XDA are great, but after playing with lots of ROMs on my Touch HD, I value things just working.


----------



## dervish (May 3, 2011)

Thats the trouble, when you start using other peoples ROMs you are adding an element of randomness to your phone, this is usually manifested by the great additions they add, but sometimes it can be the omissions as well. One ROM that I think is great might have one feature that you value missing. I generally just go for a newish ROM and add whatever I want to it, if it has a glaring ommission try another, you are VERY unlikely to brick the phone. BTW unless you really have a need for some of the sense features there are a lot of different home screen replacements out there, some of which are (IMO) far better, ADW.Launcher and Go Launcher are two particularly good ones, Go has some more features but is a little more buggy.


----------



## UnderAnOpenSky (May 3, 2011)

Without doubt when I was using winmo, I had to take backward steps that weren't quite there before I found stuff that worked. I'll have a look at some of the other's you mentioned, but the few alternatives I've played with so far havn't been as pretty (yes I am that shallow) 

Out of interest does anyone know where I can find the stock ROM that came installed in case I want to go back/send it back. I was lucky enough to get an unlocked one with no carrier branding on it, so just after the one it ships with by default.


----------



## cybershot (May 4, 2011)

htc have the stock roms on their website i believe.
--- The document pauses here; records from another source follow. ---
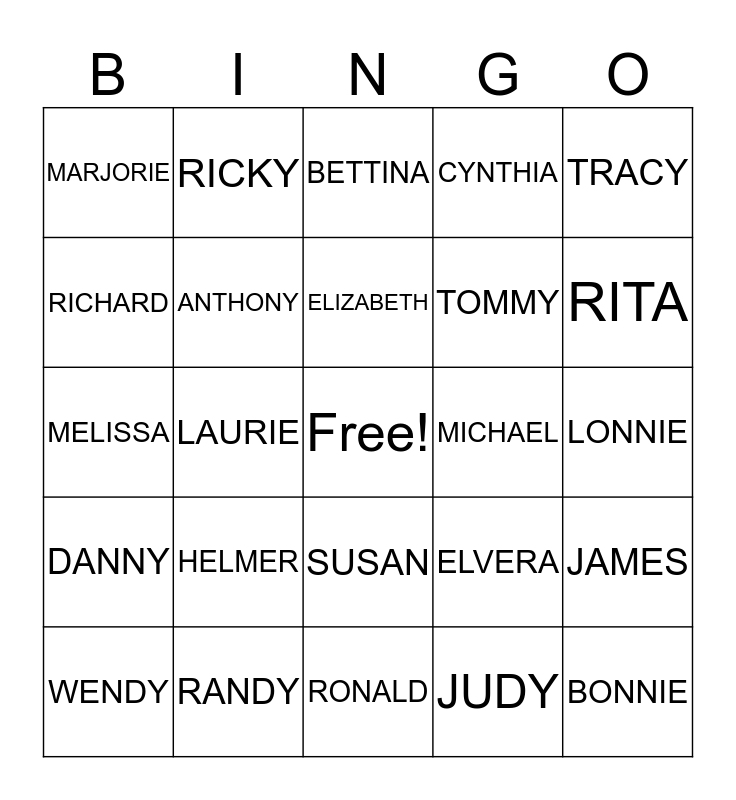 This bingo card has a free space and 24 words: HELMER, RANDY, ELIZABETH, WENDY, TRACY, MARJORIE, RICHARD, RICKY, MICHAEL, SUSAN, TOMMY, MELISSA, ELVERA, JAMES, ANTHONY, JUDY, LONNIE, BETTINA, RITA, LAURIE, BONNIE, DANNY, CYNTHIA and RONALD.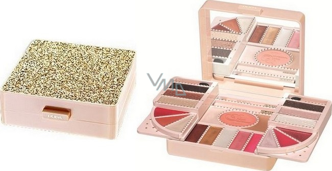 Elegantní kosmetická kazeta obohacená vodopádem třpytivých glitrů. Opravdová krášlicí skříňka pro kompletní make-up obličeje, očí a rtů. Umožňuje cítit se každý den jako princezna!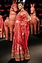 Ri Ritu Kumar features a mesmerizing Red Lehenga Set that captivates with its elegance. The eye-catching lehenga is crafted in silk dupion with floral print and zardosi embroidery. It is paired with a silk embroidered blouse and a polyester net embroidered dupatta. Accentuate the designer lehenga set with a sleek bun, kundan polki or gold jewellery, embellished heels and a potli bag for a traditional bridal look. Perfect wear for royal weddings, engagement or roka ceremony.

May be difficult to find, but the nexus one, one is certainly there.

Other than that I'm sure it's on xda somewhere.


----------



## ovaltina (May 4, 2011)

Before you flash your new rom you should do a backup via ClockworkMod. Then if something goes wrong or you have to return the phone just restore. 
Why not download a few roms that you like the look of and try them out?


----------